Особую роль в рассказах играют глаголы, которые А.П. Чехов использует для усиления смысла высказывания при описании конкретной ситуации. Например:

«Глядя на старуху, Яков почему-то вспомнил, что за всю жизнь он, кажется, ни разу не приласкал её, не пожалел, ни разу не догадался купить ей платочек или принести со свадьбы чего-нибудь сладенького, а только кричал на неё, бранил за убытки, бросался на неё с кулаками; правда, он никогда не бил её, но всё-таки пугал, и она всякий раз цепенела от страха» (Скрипка Ротшильда. Т. 8, с. 299).

Использование глаголов как лексического средства языка открывает в каждом слове резервы семантической ёмкости и возможности контакта с другими словами языка. Точно и умело сталкивая, сопоставляя в сознании читателя значения различных слов, усиливая эти значения контекстуальными синонимами, выводя в повествовании своё отношение к происходящему через отношения между персонажами, Чехов раскрывает нравственный смысл произведения.

Эмоциональная насыщенность рассказа на лексическом уровне представлена обилием эмоциональных и эмоционально-оценочных значений слов, в структуре которых интенсивно проявляются элементы грусти, печали, тоски, безысходности, протеста, отчаяния. Трагические ноты, создаваемые эмоциональными значениями соответствующей окраски, звучат отчётливо. Отчаяние героя и сопереживающая печаль автора мягко (в том числе и в семантическом плане) растворяются в лексических пластах текста. И эта сдержанность, некоторая внутренняя зажатость усиливают эмоциональное воздействие текста на читателя. Художественная деталь, которую выражает глагол, в чеховском повествовании является элементом стиля: она повторяется, варьируется, автор не позволяет забыть о ней. Таким образом, читатель обычно проникается жалостью к долгому терпению несчастных людей и, одновременно, в нём зреет протест против подобного образа жизни, для чего собственно, и был написан тот или иной рассказ.

Другой фрагмент:

«Придя машинально домой, не снимая вицмундира, он лёг на диван и... помер» (Смерть чиновника. Т. 2, с. 166).

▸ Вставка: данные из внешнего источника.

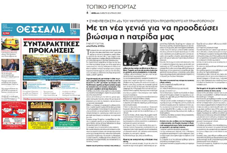Κύριε Υπουργέ από την προηγούμενη συνέντευξή μας, έγιναν πολλά στην πατρίδα μας και εσείς, ως έμπιστος του Πρωθυπουργού, σε θέση κλειδί παίξατε πετυχημένα πολύ τον ρόλο σας. Γι’ αυτό άλλωστε το αξίωμα του Υφυπουργού. Μας κάνετε μία λεπτομερή ανασκόπηση των ενεργειών σας όλο αυτό το διάστημα;Αγαπητή κυρία Τσακνάκη Γαβαλά, κατά τη διετία που προηγήθηκε, υλοποιήθηκε,Συνέχεια ανάγνωσης «Συνέντευξη στην εφημερίδα «Κυριακάτικη Θεσσαλία» (19.09.2021)»
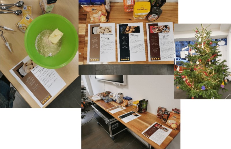 Zum Jahresende bot das Team für alle Kinder und Familien eine offene Plätzchen-backen-Runde an. Gemeinsam backten die Teilnehmenden klassische Vanillekipferl mit Mandeln, Cranberry Rollkekse und weihnachtliche Haferflockenplätzchen. Um auch den Hintergrund der gesunden Ernährung nicht zu vergessen, wurden die Rezepte etwas abgewandelt. So wurden beispielsweise höherwertiges Mehl oder Nüsse verwendet und der Zuckeranteil reduziert. Nach dem Backen konnten sich die Kinder und Familien eine kleine Naschtüte mitnehmen, in der die selbst gebackenen Plätzchen und auch Walnüsse enthalten waren.
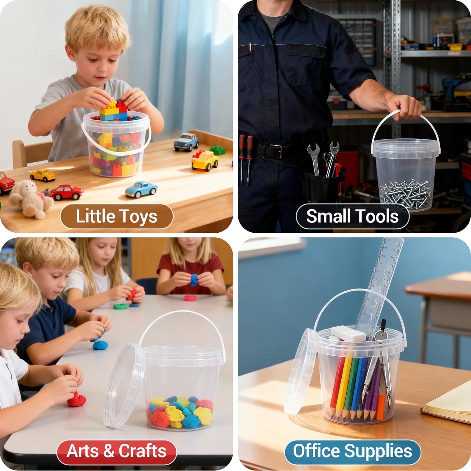 - Multi-Scene Bucket Use This clear 64oz plastic bucket and bucket with lid (compact bucket) has a transparent design—see candy or cleaning supplies inside. It’s made as plastic containers with lids for food/food storage essentials, but also works as a mini cleaning bucket, halloween bucket, or craft container. Unlike flimsy quart containers with lids or one-time fruit cups with lid, it’s durable and keeps contents visible.
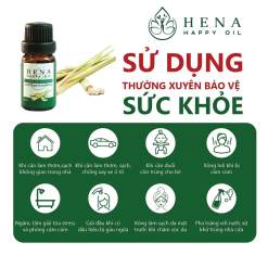 – Với khả năng khử mùi, diệt khuẩn, làm lành vết thương cũng như thư giãn tinh thần, giải tỏa căng thẳng; tinh dầu sả chanh Hena là một trong những sản phẩm được ưa chuộng tại các spa cũng như gia đình. Ngoài ra, tinh dầu sả chanh còn được sử dụng để thêm vào kem dưỡng da, cho vào nước lau nhà, hay bồn tắm để ngâm mình…
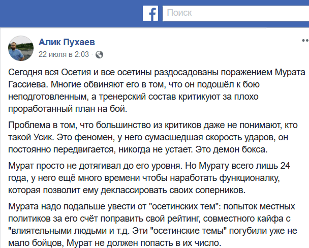 "Большинство из критиков даже не понимают, кто такой Усик. Это феномен, у него сумасшедшая скорость ударов, он постоянно передвигается, никогда не устает. Мурат просто не дотягивал до его уровня. Но Мурату всего лишь 24 года, у него еще много времени, чтобы наработать функционалку, которая позволит ему деклассировать своих соперников. Мурата надо подальше увести от "осетинских тем": попыток местных политиков за его счёт поправить свой рейтинг, совместного кайфа с "влиятельными людьми и т.д.", - написал блогер на своей странице в Facebook.

Выделенный глагол, употреблённый в речи автора, имеет просторечную окраску (см.: МАС 1987. Т. 3, с. 280). Интересна и такая стилистическая особенность: Чехов использует просторечное слово после многоточия, передающего неожиданную развязку событий. Автор акцентирует своё отношение к чинопочитанию, низкопоклонству, угодничеству. Поэтому финал рассказа звучит не трагически, а скорее, как авторская усмешка и удивление абсурдностью ситуации, когда пустячное событие приобретает в глазах мелкого чиновника разрушительную силу и мощь цунами — в стакане воды.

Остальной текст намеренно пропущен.